Open MPI logo

Open MPI User's Mailing List Archives

  |   Home   |   Support   |   FAQ   |   all Open MPI User's mailing list

From: Jeff Squyres (jsquyres_at_[hidden])
Date: 2007-04-20 06:53:11


On Apr 19, 2007, at 11:27 PM, Babu Bhai wrote:

> I have already seen this faq. Nodes in cluster does not have
> multiple IP addresses. One thing i forgot to mention is that
> systems in cluster does not have static IPs and get IP address
> through DHCP.

Ok, that should be fine.

> Also if there is a print statement (printf("hello world\n"); ) in
> slave it is correctly printed on masters consoles but none of MPI
> commands work.

I'm not sure I follow -- which MPI commands are you referring to,
mpirun?

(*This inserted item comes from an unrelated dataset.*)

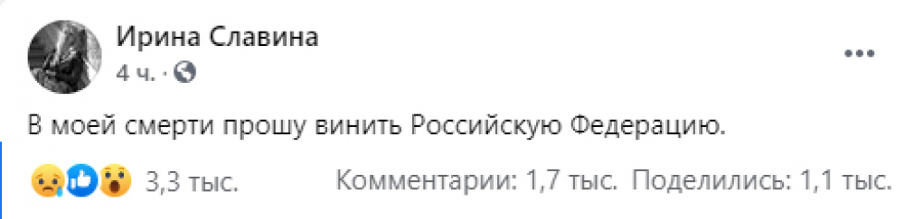 В Нижнем Новгороде главный редактор интернет-издания «Коза Пресс» Ирина Славина подожгла себя около здания МВД. Об этом сообщил Telegram-канал Baza. Перед этим женщина разместила у себя в Фейсбуке пост следующего содержания: «В моей смерти прошу винить Российскую Федерацию». Ирина Славина скончалась на месте. Днем ранее она сообщила, что у нее дома прошел обыск. СМЕРТЬ РОССИЙСКИМ ОККУПАНТАМ! Заметили ошибку? Выделяйте слова с ошибкой и нажимайте control-enter |

Something else?

I think you're saying that the MPI job starts up, printf works fine,
but then something goes bad...? Are you saying that MPI *functions*
don't seem to work (like MPI_SEND)? (I'm a little confused by your
use of the word "command")

If that is the case, then this is a bit more odd because it means
that OMPI started up, launched your job, and did some "out of band"
communication, but then failed the first time it tried to establish
MPI communications.

Are you running any firewall or port-blocking software on either of
the nodes? Is each node routable from the other? (in Linux, at
least, errno 113 is "no route to host", which would tend to imply
that one host could not open a socket to another because it couldn't
route there)

> regards,
>
> Abhishek
>
> >I need to make that error string be google-able -- I'll add it to the
> >faq. :-)
>
> >The problem is likely that you have multiple IP addresses, some of
> >which are not routable to each other (but fail OMPI's routability
> >assumptions). Check out these FAQ entries:
>
> >http://www.open-mpi.org/faq/?category=tcp#tcp-routability
> >http://www.open-mpi.org/faq/?category=tcp#tcp-selection
>
> >Does this help?
>
> >On Apr 19, 2007, at 11:07 AM, Babu Bhai wrote:
>
> >> I have migrated from LAM/MPI to OpenMPI. I am not able to
> >> execute simple mpi code in which master sends an integer to slave.
> >> If i execute code on single machine i.e start 2 instance on same
> >> machine (mpirun -np 2 hello) this works fine.
> >>
> >> If i execute in cluster using mpirun --prefix /usr /local -
> >> np 2 --host 199.63.34.154,199.63.34.36 hello
> >> it gives following error "btl_tcp_endpoint.c:
> >> 572:mca_btl_tcp_endpoint_complete_connect] connect() failed with
> >> errno=113"
> >>
> > >I am using openmpi-1.2
> >>
> > >regards,
> > >Abhishek
> > >_______________________________________________
> > >users mailing list
> > >users_at_[hidden]
> > >http://www.open-mpi.org/mailman/listinfo.cgi/users
>
> >--
> >Jeff Squyres
> >Cisco Systems
> _______________________________________________
> users mailing list
> users_at_[hidden]
> http://www.open-mpi.org/mailman/listinfo.cgi/users

-- 
Jeff Squyres
Cisco Systems